## TASK ITEM:
The listing below holds pictures; exclude them. Return exactly the lines from the one with "Rich jewel tones" through the one with "Beautiful silver moon".

## DATA FOR REVIEW:
☆ ☆ ☆ ☆ ☆ ☆ ☆

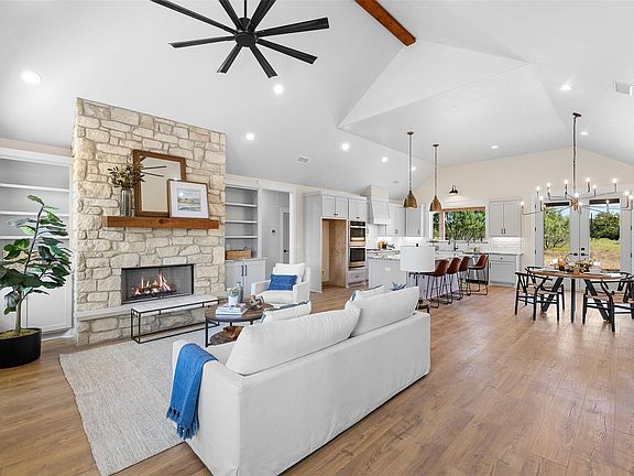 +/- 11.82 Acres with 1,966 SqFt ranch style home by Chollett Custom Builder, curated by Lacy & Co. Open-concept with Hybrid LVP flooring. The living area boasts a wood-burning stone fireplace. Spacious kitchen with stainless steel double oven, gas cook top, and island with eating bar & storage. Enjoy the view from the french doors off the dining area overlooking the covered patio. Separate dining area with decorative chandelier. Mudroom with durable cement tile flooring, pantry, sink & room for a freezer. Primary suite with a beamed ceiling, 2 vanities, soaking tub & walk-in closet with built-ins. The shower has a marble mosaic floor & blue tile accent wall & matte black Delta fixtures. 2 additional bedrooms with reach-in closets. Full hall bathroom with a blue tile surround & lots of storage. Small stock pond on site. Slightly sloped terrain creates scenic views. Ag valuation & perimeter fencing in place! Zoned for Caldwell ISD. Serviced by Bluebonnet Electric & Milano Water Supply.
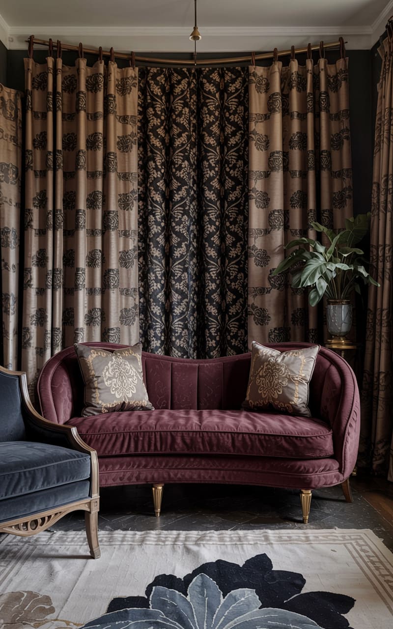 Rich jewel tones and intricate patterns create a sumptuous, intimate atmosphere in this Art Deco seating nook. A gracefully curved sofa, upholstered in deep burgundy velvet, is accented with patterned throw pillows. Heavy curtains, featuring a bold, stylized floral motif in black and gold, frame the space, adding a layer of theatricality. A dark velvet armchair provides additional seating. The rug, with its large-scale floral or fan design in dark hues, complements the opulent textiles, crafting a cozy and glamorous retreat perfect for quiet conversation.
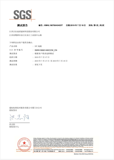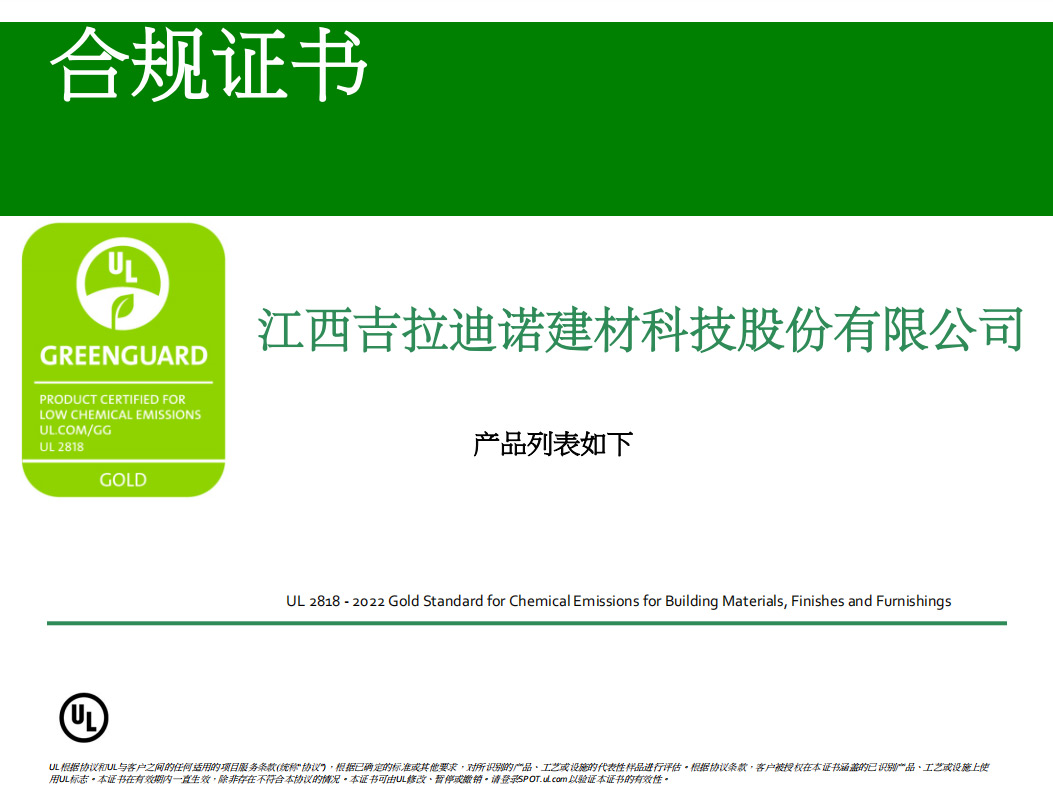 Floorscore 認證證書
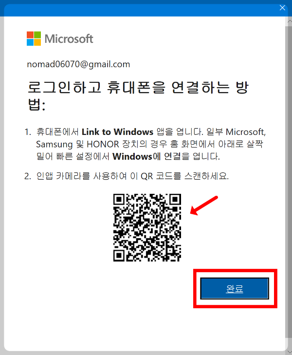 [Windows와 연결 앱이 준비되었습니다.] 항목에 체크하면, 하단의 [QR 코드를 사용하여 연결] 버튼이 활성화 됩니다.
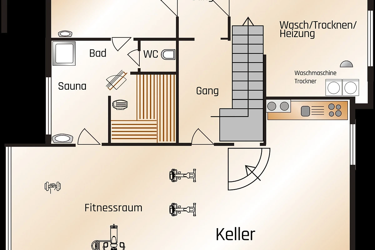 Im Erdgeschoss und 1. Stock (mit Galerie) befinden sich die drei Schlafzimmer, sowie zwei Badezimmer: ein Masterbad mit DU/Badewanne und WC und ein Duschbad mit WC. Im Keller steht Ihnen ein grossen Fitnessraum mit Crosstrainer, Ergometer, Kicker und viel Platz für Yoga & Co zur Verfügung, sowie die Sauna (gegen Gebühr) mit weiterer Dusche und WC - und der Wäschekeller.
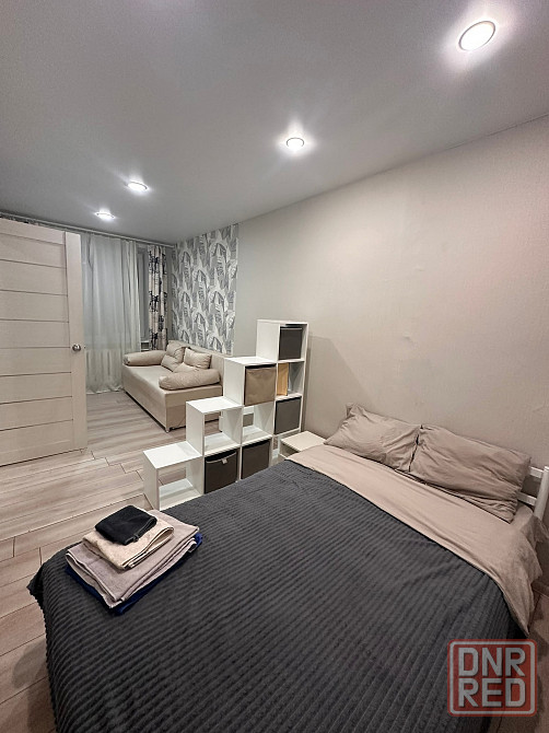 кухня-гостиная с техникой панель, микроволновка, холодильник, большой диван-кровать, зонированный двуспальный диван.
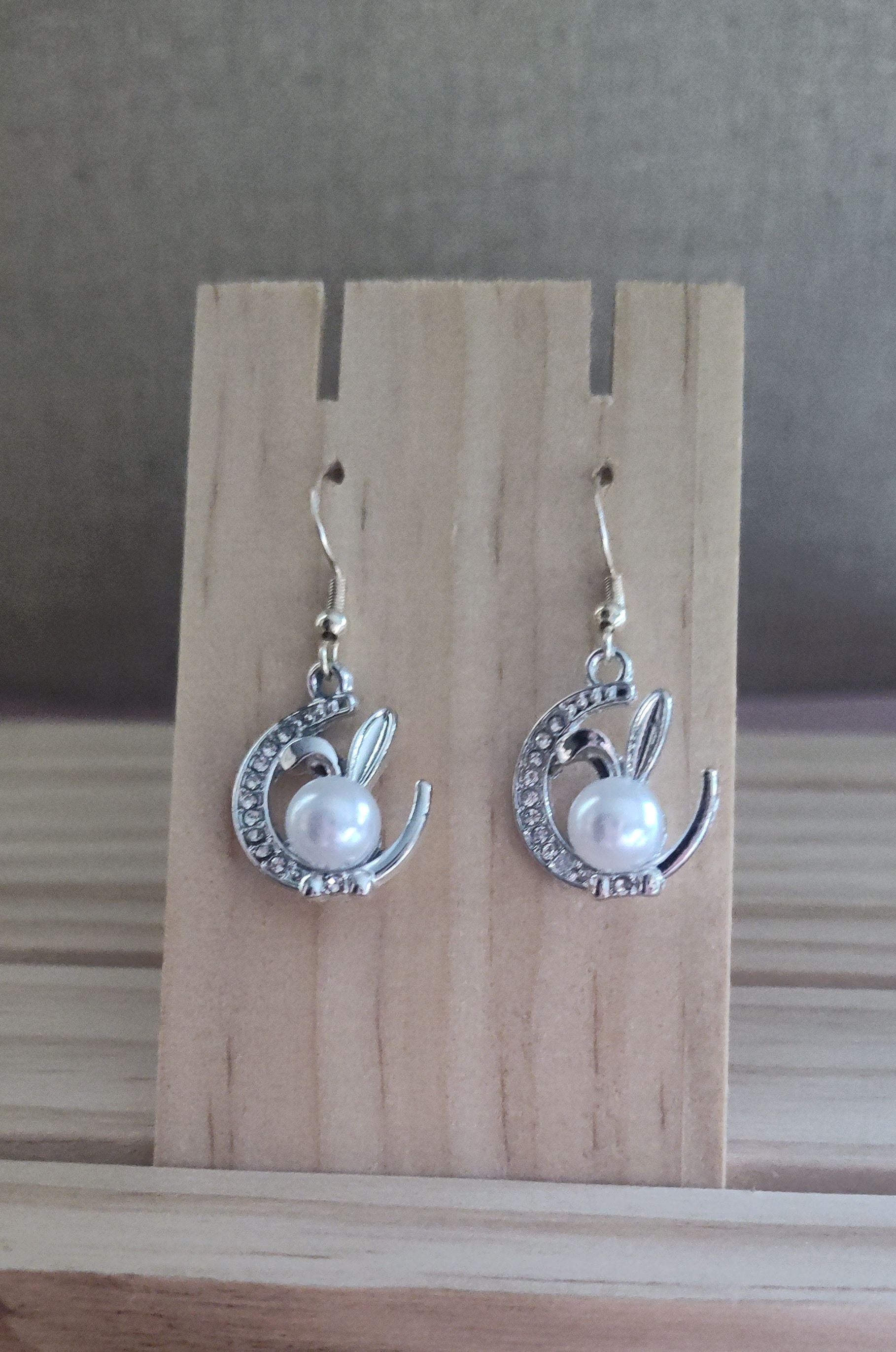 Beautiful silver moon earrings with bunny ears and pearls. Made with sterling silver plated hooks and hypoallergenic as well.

☆ ☆ ☆ ☆ ☆ ☆ ☆

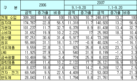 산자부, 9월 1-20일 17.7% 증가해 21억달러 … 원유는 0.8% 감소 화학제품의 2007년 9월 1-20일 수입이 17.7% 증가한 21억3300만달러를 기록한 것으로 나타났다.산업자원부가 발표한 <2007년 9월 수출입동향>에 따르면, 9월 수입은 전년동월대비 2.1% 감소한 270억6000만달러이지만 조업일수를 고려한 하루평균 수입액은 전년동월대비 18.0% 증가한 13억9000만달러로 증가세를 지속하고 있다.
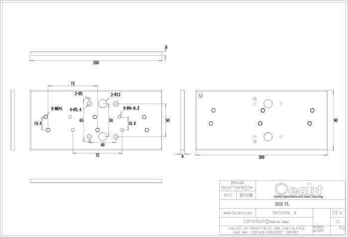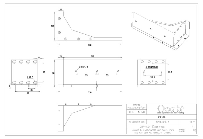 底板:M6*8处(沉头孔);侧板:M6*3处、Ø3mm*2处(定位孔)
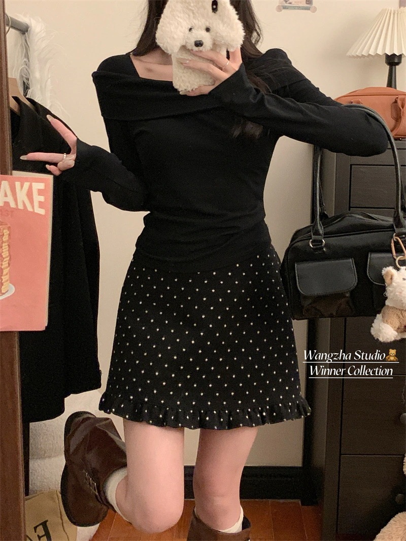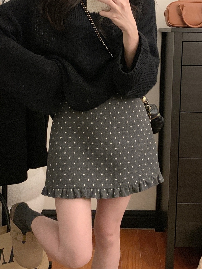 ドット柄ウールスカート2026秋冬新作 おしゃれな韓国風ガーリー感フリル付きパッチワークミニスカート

☆ ☆ ☆ ☆ ☆ ☆ ☆

## PROBLEM SOLUTION:
 Rich jewel tones and intricate patterns create a sumptuous, intimate atmosphere in this Art Deco seating nook. A gracefully curved sofa, upholstered in deep burgundy velvet, is accented with patterned throw pillows. Heavy curtains, featuring a bold, stylized floral motif in black and gold, frame the space, adding a layer of theatricality. A dark velvet armchair provides additional seating. The rug, with its large-scale floral or fan design in dark hues, complements the opulent textiles, crafting a cozy and glamorous retreat perfect for quiet conversation.
 Floorscore 認證證書
 [Windows와 연결 앱이 준비되었습니다.] 항목에 체크하면, 하단의 [QR 코드를 사용하여 연결] 버튼이 활성화 됩니다.
 Im Erdgeschoss und 1. Stock (mit Galerie) befinden sich die drei Schlafzimmer, sowie zwei Badezimmer: ein Masterbad mit DU/Badewanne und WC und ein Duschbad mit WC. Im Keller steht Ihnen ein grossen Fitnessraum mit Crosstrainer, Ergometer, Kicker und viel Platz für Yoga & Co zur Verfügung, sowie die Sauna (gegen Gebühr) mit weiterer Dusche und WC - und der Wäschekeller.
 кухня-гостиная с техникой панель, микроволновка, холодильник, большой диван-кровать, зонированный двуспальный диван.
 Beautiful silver moon earrings with bunny ears and pearls. Made with sterling silver plated hooks and hypoallergenic as well.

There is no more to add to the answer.